– Не напрягайтесь, доктор Князев, – улыбнулась Соня, погладив его по коротко стриженному затылку, – давайте лучше поговорим про анализ крови.
Квартира на Фонтанке была веселая и запущенная: стопки книг и дисков, фотографии друзей, учеников и девушек Диккенса, горнолыжные ботинки последних моделей на неожиданных трогательных салфеточках из позапрошлой жизни, зеркало на стене. В одну из их первых здесь встреч зеркало треснуло, и Соня уверяла Диккенса, что так треснуть, сверху донизу, зеркало могло только само, но неприятное чувство осталось, – дурная примета.
Еще в квартире было привидение, или Бумбарашка, – во всяком случае, в коридоре кто-то копошился и шаркал, а иногда какая-то тень витала. К Бумбарашкиному копошению и шарканью Соня мгновенно привыкла, хотя дома, с мужем, всегда была целомудренная по-особому, прислушивалась к каждому звуку, не могла расслабиться, чуть ли не комары ей мешали…
Князев приносил привидению, или Бумбарашке, шоколадки, оставлял в коридоре.
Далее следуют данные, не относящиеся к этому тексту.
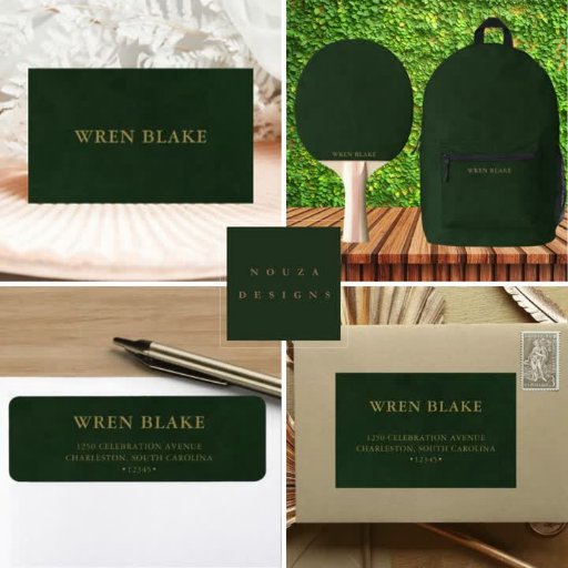 Clean Dark Green Leather & Gold Script Name Printed Backpack

Диккенс совершенно серьезно уверял, что Бумбарашка больше любит молочный шоколад.
Ночь была еще не белая, но светлая, почти белая, только на минуточку посерело, и тут же рассвело. Но они зачем-то зажгли свечи. «Для придания атмосферы пошлости и страсти», – довольно сказала Соня.
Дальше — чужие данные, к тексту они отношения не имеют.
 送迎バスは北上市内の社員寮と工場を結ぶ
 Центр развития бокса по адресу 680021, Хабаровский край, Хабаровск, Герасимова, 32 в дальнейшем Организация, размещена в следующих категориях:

– Сейчас нарисую твой портрет, – Соня водила пальцем по его лицу, – глаза серые, ничего особенного, нос кривой, рот – в общем, за что ты мне нравишься, непонятно…
Как все счастливые, они в который раз перебирали подробности своего счастья: а когда ты понял, что ты… а почему ты не звонил, а что ты думала, что я думал, что ты думала, – и тому подобные глупости.
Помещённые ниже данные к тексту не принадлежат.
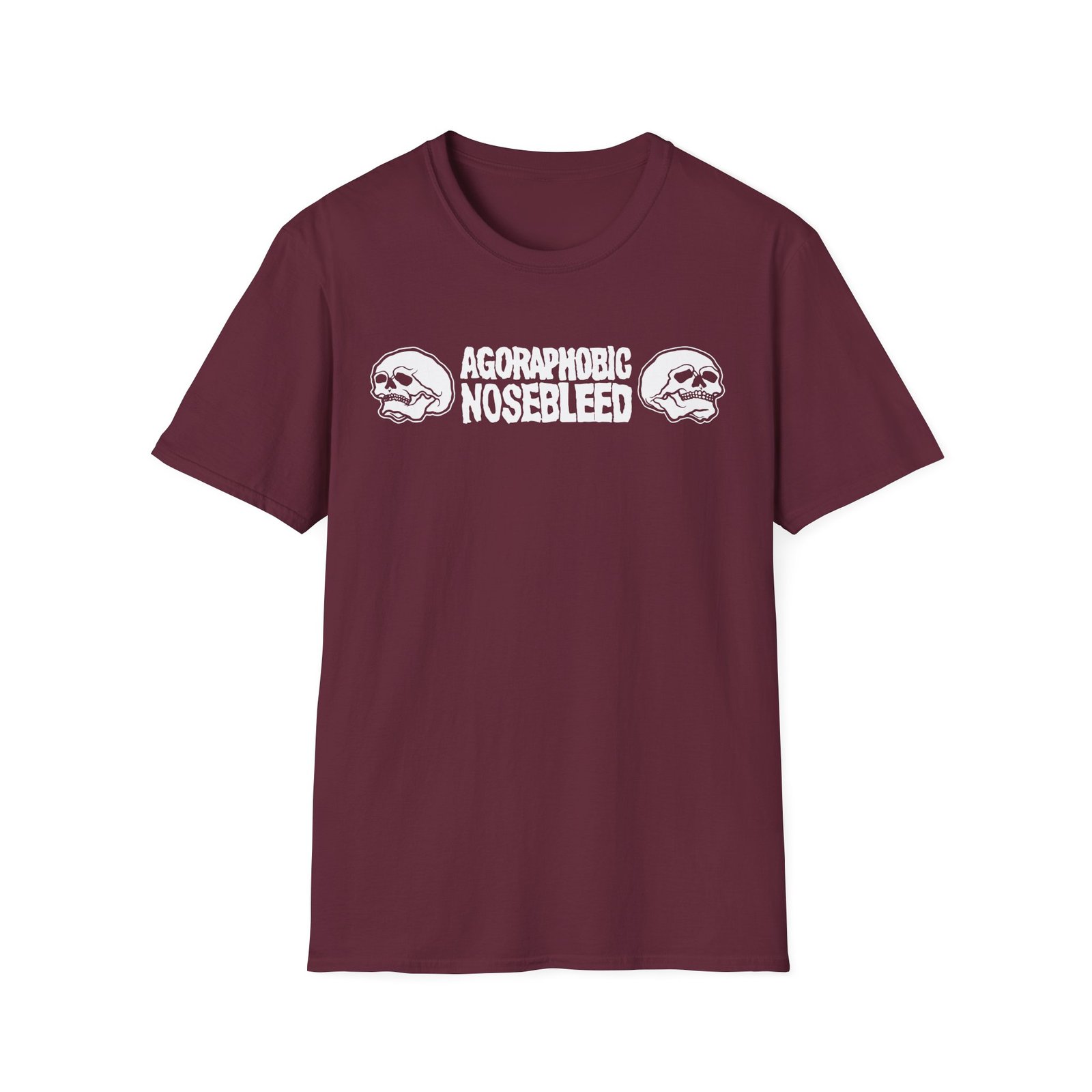 The Agoraphobic Nosebleed Skulls unisex soft-style t-shirt puts a new spin on casual comfort. Made from very soft materials, this tee is 100% cotton for solid colors. Heather colors and sports grey include polyester. The shoulders have twill tape for improved durability. There are no side seams. The collar is made with ribbed knitting to prevent curling damage.

А кстати, почему Князев тогда НЕ ЗВОНИЛ и что он РЕШИЛ? Соня умирала от любви и обиды, а он решал. Что, что он решал, что?
Ну, сначала он думал, что лучше все это не начинать, потому что понятно же – Питер, муж, сын, зачем себе усложнять жизнь? Потом думал, что не стоит ей усложнять жизнь. Потом думал, что подождет несколько дней и посмотрит, выдержит ли он. Потом было интересно – сколько выдержит. Ну и тогда уже позвонил.
Все это было Соне немного непонятно, но все равно прекрасно. Это было дополнительно прекрасно, что они разные.
– А как ты думаешь, любовь с первого взгляда возможна? Скажи мне как врач.
– Только с первого взгляда и возможна. Потому что любовь – это просто химия.
– Да-а? – привстав на локте, разочарованно сказала Соня. – И у нас с тобой химия?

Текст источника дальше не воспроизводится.